The idea of God’s presence entering a person’s life is evident from the conversation surrounding the man who was healed. We notice that Jesus’ only words to the blind man were to wash and yet when the man’s physical sight was restored he was also able to understand who Jesus was and that God had restored his sight. His physical healing represented his spiritual sight. This is contrasted with the Pharisees who remain stubbornly opposed to Jesus and are thus the ones who end the passage in blindness. Blindness represents someone who is completely unwilling to understand what God is trying to do in the world, in this chapter the blind man and the disciples may not have understood in the beginning but they were willing to learn.
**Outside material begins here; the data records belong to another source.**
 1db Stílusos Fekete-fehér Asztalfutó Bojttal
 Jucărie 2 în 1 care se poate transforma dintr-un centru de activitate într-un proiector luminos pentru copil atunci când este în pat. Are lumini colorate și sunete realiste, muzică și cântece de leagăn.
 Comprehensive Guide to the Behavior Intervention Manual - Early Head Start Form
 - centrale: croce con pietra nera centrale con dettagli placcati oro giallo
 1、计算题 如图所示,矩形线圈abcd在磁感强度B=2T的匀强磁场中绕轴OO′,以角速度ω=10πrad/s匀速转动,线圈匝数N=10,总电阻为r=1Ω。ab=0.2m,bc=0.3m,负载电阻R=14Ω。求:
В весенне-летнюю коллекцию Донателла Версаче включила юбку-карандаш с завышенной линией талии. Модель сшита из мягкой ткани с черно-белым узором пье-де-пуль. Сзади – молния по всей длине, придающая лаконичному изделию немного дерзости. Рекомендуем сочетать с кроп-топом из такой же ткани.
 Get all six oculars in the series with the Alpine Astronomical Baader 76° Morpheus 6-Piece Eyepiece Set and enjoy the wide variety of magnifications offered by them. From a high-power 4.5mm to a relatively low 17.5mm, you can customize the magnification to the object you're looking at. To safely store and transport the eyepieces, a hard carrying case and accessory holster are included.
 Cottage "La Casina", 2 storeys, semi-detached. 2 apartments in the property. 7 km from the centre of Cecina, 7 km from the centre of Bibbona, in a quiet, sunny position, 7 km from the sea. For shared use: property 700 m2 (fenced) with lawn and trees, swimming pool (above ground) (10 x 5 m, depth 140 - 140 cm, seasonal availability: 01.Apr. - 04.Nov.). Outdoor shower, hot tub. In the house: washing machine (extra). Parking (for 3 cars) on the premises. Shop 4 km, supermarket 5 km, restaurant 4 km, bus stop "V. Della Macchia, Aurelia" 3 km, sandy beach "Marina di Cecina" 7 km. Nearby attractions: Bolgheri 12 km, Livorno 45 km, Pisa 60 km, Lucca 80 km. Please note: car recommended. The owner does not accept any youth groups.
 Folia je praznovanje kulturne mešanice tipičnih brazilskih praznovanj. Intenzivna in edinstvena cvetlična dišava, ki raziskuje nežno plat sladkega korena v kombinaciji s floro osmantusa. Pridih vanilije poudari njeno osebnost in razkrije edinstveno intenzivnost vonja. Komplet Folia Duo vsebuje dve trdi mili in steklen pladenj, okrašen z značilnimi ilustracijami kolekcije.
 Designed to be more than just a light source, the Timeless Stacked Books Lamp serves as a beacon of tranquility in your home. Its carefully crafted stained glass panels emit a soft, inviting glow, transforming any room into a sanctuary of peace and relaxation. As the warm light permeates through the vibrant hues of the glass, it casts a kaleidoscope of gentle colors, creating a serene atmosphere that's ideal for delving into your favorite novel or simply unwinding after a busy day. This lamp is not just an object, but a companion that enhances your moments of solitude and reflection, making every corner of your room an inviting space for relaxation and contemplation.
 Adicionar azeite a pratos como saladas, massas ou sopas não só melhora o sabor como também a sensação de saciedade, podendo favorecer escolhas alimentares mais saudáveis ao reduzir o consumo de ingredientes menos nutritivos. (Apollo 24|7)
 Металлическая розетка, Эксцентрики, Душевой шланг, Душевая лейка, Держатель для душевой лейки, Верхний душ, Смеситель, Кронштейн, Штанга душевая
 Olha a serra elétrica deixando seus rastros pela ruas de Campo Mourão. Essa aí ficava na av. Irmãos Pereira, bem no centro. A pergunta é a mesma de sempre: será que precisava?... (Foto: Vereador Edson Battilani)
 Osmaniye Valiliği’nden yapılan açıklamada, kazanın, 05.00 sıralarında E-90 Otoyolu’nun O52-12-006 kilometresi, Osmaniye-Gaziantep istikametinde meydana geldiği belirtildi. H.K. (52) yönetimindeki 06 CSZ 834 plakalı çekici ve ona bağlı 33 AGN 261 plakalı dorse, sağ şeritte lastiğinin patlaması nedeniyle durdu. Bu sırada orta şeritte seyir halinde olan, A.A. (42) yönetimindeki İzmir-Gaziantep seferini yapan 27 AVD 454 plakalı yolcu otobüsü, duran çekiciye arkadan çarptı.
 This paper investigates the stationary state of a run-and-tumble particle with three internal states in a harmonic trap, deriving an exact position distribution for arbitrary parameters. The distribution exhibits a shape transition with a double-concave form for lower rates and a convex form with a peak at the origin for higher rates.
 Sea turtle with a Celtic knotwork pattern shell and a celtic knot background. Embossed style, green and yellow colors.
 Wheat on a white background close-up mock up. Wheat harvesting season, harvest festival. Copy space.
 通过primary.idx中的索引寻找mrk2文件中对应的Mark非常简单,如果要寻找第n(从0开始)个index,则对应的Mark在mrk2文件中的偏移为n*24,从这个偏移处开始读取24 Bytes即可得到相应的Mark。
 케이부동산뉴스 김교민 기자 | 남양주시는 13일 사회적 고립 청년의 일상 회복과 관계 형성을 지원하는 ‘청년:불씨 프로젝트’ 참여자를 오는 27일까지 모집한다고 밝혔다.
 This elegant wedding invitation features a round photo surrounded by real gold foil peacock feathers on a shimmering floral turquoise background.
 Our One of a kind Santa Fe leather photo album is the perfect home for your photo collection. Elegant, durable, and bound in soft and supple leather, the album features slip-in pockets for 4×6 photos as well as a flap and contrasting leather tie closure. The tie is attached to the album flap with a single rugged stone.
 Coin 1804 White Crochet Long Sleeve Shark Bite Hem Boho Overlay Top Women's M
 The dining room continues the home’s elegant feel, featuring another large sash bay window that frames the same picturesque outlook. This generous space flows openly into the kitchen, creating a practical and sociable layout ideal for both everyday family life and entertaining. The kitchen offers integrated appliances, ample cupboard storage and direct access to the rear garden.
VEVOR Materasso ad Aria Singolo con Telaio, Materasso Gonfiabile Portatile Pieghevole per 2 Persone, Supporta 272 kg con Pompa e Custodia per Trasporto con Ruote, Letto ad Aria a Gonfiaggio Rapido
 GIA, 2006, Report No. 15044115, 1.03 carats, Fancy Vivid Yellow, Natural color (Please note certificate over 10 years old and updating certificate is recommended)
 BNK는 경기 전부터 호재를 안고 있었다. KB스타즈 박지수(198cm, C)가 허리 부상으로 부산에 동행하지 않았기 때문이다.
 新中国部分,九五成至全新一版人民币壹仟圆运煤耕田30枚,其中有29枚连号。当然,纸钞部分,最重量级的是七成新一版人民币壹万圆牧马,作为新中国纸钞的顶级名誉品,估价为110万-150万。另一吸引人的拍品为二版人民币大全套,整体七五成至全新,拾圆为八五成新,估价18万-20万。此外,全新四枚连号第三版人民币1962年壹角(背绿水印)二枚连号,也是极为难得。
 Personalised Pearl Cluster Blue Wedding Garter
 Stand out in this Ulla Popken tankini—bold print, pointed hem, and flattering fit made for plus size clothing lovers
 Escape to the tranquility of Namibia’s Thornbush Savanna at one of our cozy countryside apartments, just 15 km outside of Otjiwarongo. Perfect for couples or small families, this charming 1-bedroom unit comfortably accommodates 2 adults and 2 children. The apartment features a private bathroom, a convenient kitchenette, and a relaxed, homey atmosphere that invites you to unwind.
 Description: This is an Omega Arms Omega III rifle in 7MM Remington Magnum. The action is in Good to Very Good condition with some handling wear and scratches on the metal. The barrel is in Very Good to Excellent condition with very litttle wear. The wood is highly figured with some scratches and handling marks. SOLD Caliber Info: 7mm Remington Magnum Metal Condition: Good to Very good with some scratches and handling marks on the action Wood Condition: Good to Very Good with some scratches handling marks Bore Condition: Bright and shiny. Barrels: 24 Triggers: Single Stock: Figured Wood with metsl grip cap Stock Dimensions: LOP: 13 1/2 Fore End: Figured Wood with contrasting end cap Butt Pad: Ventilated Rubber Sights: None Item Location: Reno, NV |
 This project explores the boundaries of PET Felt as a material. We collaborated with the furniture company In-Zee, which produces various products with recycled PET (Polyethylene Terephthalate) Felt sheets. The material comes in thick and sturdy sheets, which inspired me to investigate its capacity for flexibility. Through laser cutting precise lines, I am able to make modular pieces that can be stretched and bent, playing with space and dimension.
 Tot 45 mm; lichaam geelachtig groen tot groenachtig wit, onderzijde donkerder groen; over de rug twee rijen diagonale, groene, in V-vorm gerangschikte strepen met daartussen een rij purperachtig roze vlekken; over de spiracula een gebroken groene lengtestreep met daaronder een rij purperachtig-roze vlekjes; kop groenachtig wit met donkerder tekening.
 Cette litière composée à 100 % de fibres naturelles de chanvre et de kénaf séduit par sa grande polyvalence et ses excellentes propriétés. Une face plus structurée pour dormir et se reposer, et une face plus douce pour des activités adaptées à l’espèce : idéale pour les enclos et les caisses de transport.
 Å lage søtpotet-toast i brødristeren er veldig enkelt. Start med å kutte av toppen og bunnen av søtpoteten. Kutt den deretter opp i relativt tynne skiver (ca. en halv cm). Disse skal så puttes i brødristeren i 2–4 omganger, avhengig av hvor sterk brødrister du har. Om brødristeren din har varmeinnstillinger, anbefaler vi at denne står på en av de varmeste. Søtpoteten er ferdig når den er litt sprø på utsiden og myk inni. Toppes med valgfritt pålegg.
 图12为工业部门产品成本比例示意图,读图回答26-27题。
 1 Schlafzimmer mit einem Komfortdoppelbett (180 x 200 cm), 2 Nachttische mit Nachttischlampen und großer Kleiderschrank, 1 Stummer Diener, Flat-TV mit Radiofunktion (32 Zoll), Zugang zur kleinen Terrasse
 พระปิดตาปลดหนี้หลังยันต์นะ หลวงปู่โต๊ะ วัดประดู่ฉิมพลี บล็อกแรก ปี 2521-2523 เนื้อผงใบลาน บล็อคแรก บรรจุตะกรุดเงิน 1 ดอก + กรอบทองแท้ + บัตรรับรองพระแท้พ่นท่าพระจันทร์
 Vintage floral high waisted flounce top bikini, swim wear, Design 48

The Pharisees represent those people who witness to God’s work in the world and dismiss it to remain in control. The Pharisees remain blind because they refuse to see how the man in front of them is forgiven, healed, and proclaiming God, they choose only to see a sinner promoting a message that would have them loose their power. And so the passage ends with the man being dismissed from the places the Pharisees control but walking in the light of God’s healing and restoration, while the Pharisees sulk in darkness. It is as Jesus’ disciples walk in the light of Jesus and begin to accept the healing he brings that they enter into the “we” of verse 4. It is when the blind man is healed that he is able to talk about Jesus and lead others in a way that they might find him. We too accept Jesus’ healing and become participants in the work he is doing.

Takeaway

Jesus brings the healing and wholeness that the Father wants for all humanity. When we acknowledge that God wants to bring healing to the world we establish ourselves as those with sight, and as those who walk in the light we can participate with Jesus in bringing such healing into the world.